I got a java-ee application, where I collect informations about movies. Im my backend I provide data like the name, description, genre and a random uuid.
I also got lots of related files, which are stored on a file server. Including some screenshots, the dvd or bluRay cover and video trailers.
My current approach is:
When saving the files to the fileserver, I retrieve the movies random uuid (which is the primary key btw.). I then rename the files screenshot_[UUID]_1
, screenshot_[UUID]_2
… etc.
Now, there are lots of other ways to handle this, like saving all filenames in a database or creating a dir structure on the fileserver for every uuid and, e.g., return all images in the “[uuid]/screenshots” folder via REST.
I expect about 30k requests a day, so the service has to be pretty performant.
Whats the best way to solve this?
1
The best way to solve this is to forget about any micro-optimizations like “use of a directory structure” vs. “each file name containing all the UUID” (though you should check if there is a limitation in the file system you are going to use about the number of files in one directory). Implement a simple solution which fits well into your existing infrastructure, create some sample requests and measure if the solution is fast enough. If not, measure which part of your solution is exactly too slow, then improve that part. Everythig else is most probably premature optimization.
As usual, the answer is “it depends”. There’s lots of different ways you can do it, each solution will vary depending on your unique situation.

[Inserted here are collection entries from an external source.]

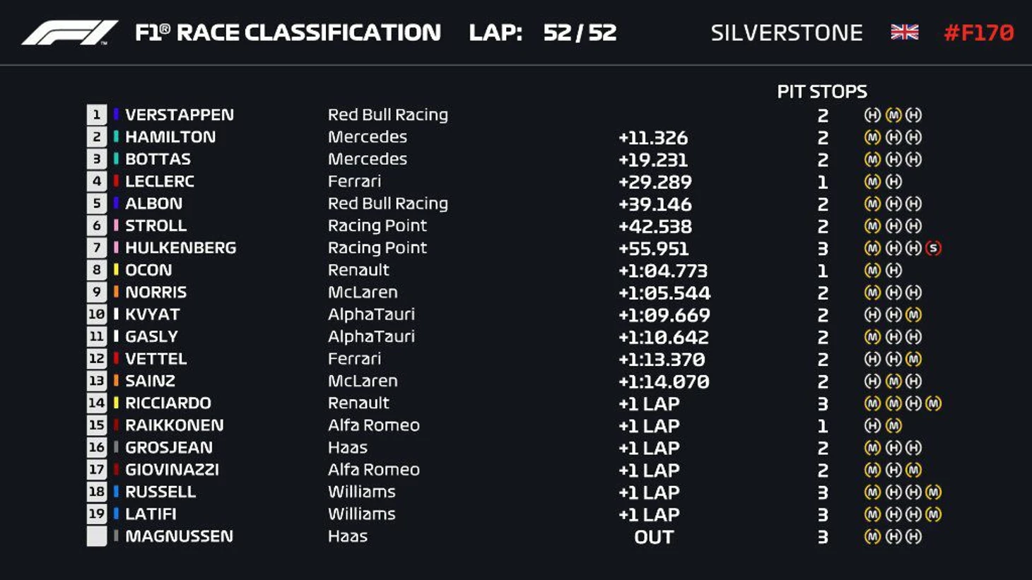 Оба Мерседеса - на первом ряду, но с поула стартовал Боттас. Финн удерживал лидерство до первой волны пит-стопов, далее шёл Хэмильтон, за ним - Ферстаппен, на старте прошедший Хюлькенберга. Важный момент: Макс стартовал на жестких шинах, а лидеры - на средних. Альтернативная стратегия (задатки которой чуть было не привели к краху во втором сегменте квалификации) позволила Ферстапенну пересидеть Льюиса, обойти за счёт разницы в свежести шин Вальттери и оставить обе «чёрные стрелы» позади. Ещё более смелая (наверное, даже сумасшедшая) стратегия привезла Леклера на четвёртое место. Албон под конец гонки забрался на пятое. Оба «розовых Мерседеса» оказались далеки от подиума, Феттель и Риккьярдо развернулись, а Квят набрал очко и опередил Гасли.
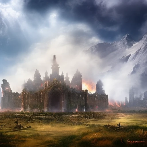 순간 무슨 말인가 싶어 뒤를 돌아보았다. Guest의 눈에는 불타는 천국의 신전이 가장 먼저 눈에 띄었다. 천사들이 불을 끄려고, 우왕좌왕 거리는 사이. 악마들은 그 틈을 놓치지 않고, 천국을 습격하고 있었다.
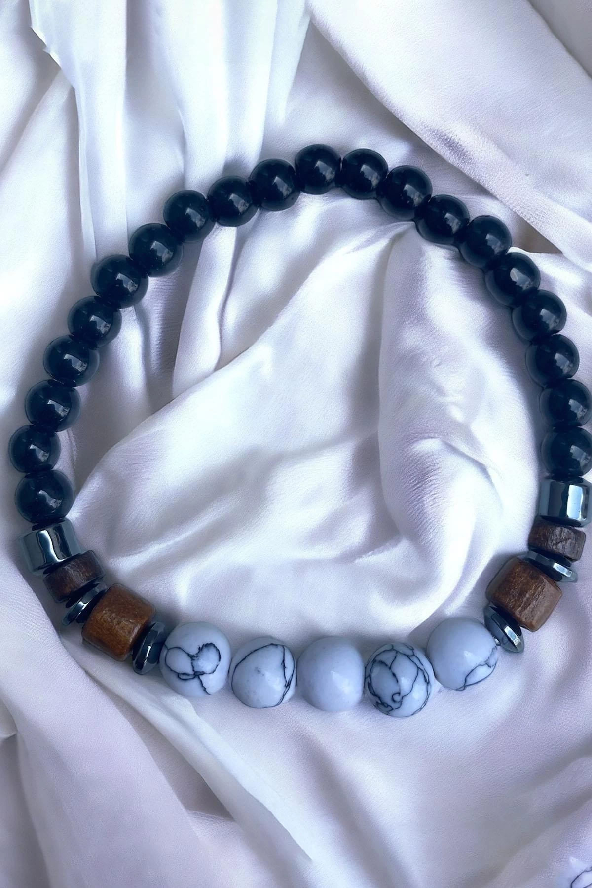 Siyah Ve Beyaz Renk Boncuk Detaylı Erkek Bileklik

I have found that windows tends to barf at any more than 1000 files per directory, so in the past I have created a folder per 1000 files. But you could split it by starting character (eg alphabetically)… or create a hierarchical tree, or split it across drives, or use SQL Server’s FILESTREAM… and then you’ve done lots of premature optimisation and wasted everyone’s time!
Try a few scenarios and throw lots of random files at it and see how it performs.
Or just throw everything in one folder and buy lots of SSD drives 🙂